Anastasia Shpytalenko, 15, attended the show one recent evening with a group of friends after waiting in line for five hours to buy tickets. “We heard she was very popular and wanted to try it,” she said.

The show “shows us what our culture really is,” said Daria Filonenko, 15, while another, Anastasia Yakushko, 16, chimed in: “This show is just wow! Sometimes, it seems, the old can be more interesting than the new.

Witches have a strong resonance in Ukrainian culture and are a mainstay of its folk customs. Early in the war, a video of the real city of Konotop in northeastern Ukraine went viral online. He captured a woman approaching a tank as Russian forces advanced into Ukraine.
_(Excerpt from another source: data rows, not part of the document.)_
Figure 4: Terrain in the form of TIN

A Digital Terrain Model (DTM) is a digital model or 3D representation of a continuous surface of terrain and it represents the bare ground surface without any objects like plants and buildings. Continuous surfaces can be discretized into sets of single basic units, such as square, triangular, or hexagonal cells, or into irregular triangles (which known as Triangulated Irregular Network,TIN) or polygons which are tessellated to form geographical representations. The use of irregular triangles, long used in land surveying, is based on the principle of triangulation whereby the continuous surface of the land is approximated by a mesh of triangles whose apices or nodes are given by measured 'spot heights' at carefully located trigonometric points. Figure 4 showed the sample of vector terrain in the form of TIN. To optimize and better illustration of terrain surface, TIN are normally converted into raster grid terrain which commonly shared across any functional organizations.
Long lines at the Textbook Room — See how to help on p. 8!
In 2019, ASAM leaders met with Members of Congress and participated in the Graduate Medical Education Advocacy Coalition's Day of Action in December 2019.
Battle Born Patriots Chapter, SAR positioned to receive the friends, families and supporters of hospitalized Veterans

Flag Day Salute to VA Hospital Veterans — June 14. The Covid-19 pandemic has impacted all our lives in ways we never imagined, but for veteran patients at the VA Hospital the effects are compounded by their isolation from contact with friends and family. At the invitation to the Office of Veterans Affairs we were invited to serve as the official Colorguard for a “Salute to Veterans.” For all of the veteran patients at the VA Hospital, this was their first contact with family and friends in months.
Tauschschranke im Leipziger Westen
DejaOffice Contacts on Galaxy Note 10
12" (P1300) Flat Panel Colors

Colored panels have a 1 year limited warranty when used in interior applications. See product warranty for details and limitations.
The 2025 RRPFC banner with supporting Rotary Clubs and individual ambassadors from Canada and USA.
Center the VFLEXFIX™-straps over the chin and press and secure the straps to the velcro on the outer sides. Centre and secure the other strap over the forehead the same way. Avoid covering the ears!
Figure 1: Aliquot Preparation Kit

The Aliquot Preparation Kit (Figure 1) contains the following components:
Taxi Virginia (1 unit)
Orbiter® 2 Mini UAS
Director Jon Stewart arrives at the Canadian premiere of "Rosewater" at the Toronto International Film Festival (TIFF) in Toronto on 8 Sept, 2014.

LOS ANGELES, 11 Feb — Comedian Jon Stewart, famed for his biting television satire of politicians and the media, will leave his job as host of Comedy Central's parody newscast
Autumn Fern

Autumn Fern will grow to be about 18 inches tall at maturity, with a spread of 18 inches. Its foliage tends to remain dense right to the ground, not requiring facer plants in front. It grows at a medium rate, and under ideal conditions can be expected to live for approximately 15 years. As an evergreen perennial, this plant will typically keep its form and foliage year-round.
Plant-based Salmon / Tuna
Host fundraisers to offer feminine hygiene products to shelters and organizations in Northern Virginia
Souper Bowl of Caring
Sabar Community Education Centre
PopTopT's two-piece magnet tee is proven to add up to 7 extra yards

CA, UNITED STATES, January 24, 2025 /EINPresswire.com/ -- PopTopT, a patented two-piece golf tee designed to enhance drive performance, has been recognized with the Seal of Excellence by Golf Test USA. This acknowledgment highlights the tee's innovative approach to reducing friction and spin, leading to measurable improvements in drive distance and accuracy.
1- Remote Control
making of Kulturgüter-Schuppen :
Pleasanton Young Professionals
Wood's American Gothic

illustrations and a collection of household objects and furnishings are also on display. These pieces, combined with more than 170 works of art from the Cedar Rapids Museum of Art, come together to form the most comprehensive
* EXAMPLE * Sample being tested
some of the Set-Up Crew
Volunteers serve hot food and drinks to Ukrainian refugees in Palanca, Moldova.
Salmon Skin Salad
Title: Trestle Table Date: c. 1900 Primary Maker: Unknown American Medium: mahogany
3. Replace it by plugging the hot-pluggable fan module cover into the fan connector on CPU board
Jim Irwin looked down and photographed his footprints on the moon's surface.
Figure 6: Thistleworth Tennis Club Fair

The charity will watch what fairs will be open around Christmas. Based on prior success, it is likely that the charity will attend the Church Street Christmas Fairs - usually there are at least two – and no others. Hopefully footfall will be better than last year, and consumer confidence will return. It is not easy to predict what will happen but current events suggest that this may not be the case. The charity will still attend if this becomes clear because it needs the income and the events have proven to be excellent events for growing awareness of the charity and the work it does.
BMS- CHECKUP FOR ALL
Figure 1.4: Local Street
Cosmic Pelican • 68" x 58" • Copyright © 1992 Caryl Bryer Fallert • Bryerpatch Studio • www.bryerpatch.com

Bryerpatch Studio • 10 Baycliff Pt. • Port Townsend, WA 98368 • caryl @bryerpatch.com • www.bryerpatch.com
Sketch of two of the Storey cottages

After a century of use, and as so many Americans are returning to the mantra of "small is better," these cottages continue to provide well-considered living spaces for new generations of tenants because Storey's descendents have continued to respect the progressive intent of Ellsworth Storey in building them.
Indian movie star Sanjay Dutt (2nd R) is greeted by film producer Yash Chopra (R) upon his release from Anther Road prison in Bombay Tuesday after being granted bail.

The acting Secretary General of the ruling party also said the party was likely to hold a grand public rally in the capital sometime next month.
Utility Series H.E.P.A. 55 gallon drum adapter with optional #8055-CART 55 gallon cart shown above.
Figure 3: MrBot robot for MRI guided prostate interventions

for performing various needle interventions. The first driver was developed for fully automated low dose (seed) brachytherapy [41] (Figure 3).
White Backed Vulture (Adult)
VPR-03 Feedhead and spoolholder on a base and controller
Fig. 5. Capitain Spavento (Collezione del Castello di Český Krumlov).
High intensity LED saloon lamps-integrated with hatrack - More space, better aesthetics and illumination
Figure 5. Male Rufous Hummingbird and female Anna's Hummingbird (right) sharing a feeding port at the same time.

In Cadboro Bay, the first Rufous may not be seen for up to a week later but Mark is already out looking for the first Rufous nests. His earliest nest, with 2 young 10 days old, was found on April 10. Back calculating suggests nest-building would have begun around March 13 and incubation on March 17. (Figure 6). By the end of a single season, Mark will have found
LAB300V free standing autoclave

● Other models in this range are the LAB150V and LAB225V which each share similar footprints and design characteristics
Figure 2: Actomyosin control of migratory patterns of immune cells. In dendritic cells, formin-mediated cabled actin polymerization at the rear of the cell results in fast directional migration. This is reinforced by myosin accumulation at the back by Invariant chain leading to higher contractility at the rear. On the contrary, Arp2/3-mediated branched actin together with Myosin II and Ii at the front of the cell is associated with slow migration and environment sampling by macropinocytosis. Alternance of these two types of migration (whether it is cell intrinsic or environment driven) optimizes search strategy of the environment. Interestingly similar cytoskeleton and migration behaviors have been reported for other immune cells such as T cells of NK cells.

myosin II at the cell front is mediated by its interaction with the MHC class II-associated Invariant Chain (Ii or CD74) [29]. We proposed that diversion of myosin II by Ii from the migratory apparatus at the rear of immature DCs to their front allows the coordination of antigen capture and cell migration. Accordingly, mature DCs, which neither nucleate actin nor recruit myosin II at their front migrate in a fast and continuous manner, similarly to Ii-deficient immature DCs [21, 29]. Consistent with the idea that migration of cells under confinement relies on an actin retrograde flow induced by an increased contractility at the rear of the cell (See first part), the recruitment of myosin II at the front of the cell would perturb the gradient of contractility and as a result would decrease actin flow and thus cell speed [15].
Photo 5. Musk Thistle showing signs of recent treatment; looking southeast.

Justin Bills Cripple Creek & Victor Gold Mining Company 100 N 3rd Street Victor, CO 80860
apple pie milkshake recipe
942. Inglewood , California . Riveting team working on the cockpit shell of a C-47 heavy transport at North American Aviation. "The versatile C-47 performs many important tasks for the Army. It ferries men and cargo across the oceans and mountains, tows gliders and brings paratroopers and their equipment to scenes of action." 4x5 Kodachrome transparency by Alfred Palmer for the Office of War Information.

He invokes the witches to challenge the soldiers.

“Do you even know where you are? It's Konotop,” the woman said. “Here every second woman is a witch,” she added before telling a Russian soldier that she would be cursed with impotence.

A Ukrainian pop song about a witch who curses the enemy, written by poet Liudmyla Horova, can often be heard in cafes. “Enemy, you will get what the witch gives you,” the text says.

After two years of war, witch-themed souvenirs and T-shirts have also proliferated across Ukraine. A clothing brand has created a T-shirt depicting a witch dressed in khaki camouflage flying a shoulder-fired anti-tank missile instead of a broom. All this fuels the show's popularity, organizers said.

“Ukrainians,” said Mr. Uryvsky, the theater's director, “are attracted to the image of the witch.”